Einwurf meines Bruders Wolfgang: "Auch die Desdner mußten am Donnerstag bei ihrer Ankunft das schwere Gepäck 3 km hoch den 'Wahnsinnsberg' in Waldheim zur Jugendherberge hinaufschleppen. Ich würde vorschlagen, daß für die ganze Fahrt von der Volksarmee oder von der VP ein LKW mit Hänger als Begleitfahrzeug abgestellt wird - so haben wir es in der Sowjetunion kennengelernt. Das klappt und erspart dem mit der Durchführung Beauftragten und den Teilnehmern unnötige Wege und Belastungen. An der Strecke liegen genug Garnisonen, die aus Sportgeist eine solche Patenschaft für ihre 'zukünftigen Mitarbeiter' übernehmen würden und die über solche Fahrzeuge reichlich verfügen." Ich mußte beobachten, daß viele Sportfreunde mit ihren und den BSG-eigenen Booten oft etwas fahrlässig umgehen. Zum Beispiel werden Wehre gefahren, die im Voraus als unbefahrbar erkannt werden, bei denen klar ist, daß es zu Grundberührungen kommen muß. So werden Heckbeschläge abgerissen und Bootshäute beschädigt, weil aus Bequemlichkeit solche Wehre nicht umgetragen werden.
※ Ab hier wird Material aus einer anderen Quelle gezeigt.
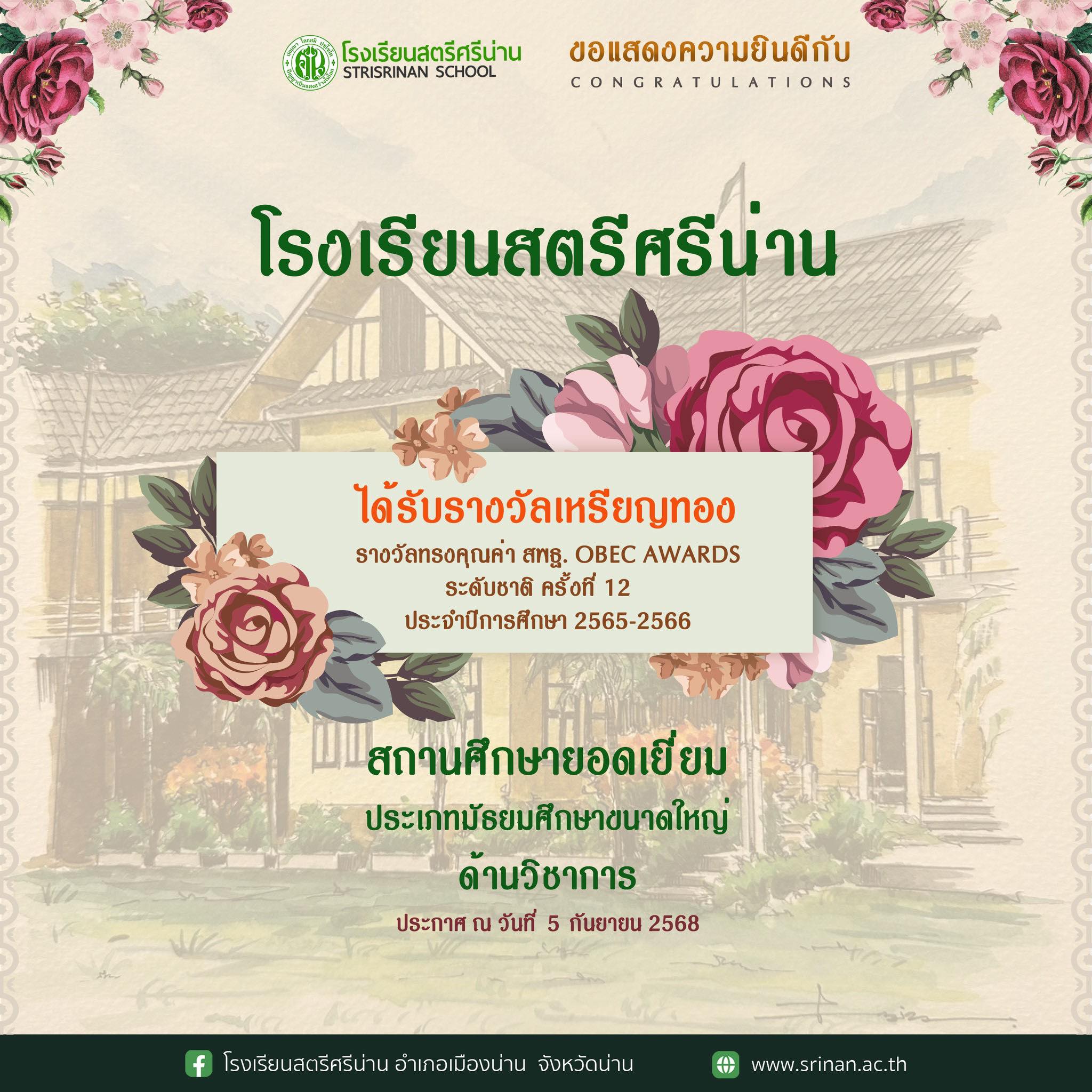 โรงเรียนสตรีศรีน่าน อำเภอเมืองน่าน จังหวัดน่าน ได้รับรางวัลเหรียญทอง รางวัลทรงคุณค่า OBEC AWARDS ระดับชาติ ครั้งที่ 12 ประจำปีการศึกษา 2565-2566

Jedes Wehr oder andere Hindernis sollte man sich vorher genau ansehen, es lohnt sich.
Hier muß auch der persönliche Einsatz des Sportfreundes von der BSG Lok Leisnig Sektionsleiter Hessel hervorgehoben werden. ("Ganz groß!" "In Ordnung!" war die Meinung der Teilnehmer.) "Gerade dieser persönliche Einsatzwille fehlte den Betreuern während der Fahrt. Die Verbindung zwischen den Sportsektionen an der Strecke untereinander war schlecht, obwohl sie mit der teilweisen Organisation beauftragt waren. Sie fehlte zu den Fahrtteilnehmern an vielen Orten völlig. Sie kümmerten sich sehr mangelhaft um ihre Aufgaben, weil schon in den Sektionen keine gute sportliche Arbeit zu verzeichnen ist.", brachte Rudi Raab in dieser Sache zum Ausdruck. Es stimmte. Das vom Verband eingesetzte Fahrtenleiterkollektiv hat zwar die Vorbereitungen für die Fahrt getroffen, konnte aber selbst an der Fahrt nicht teilnehmen, da es durch anderweitige Abberufungen verhindert war.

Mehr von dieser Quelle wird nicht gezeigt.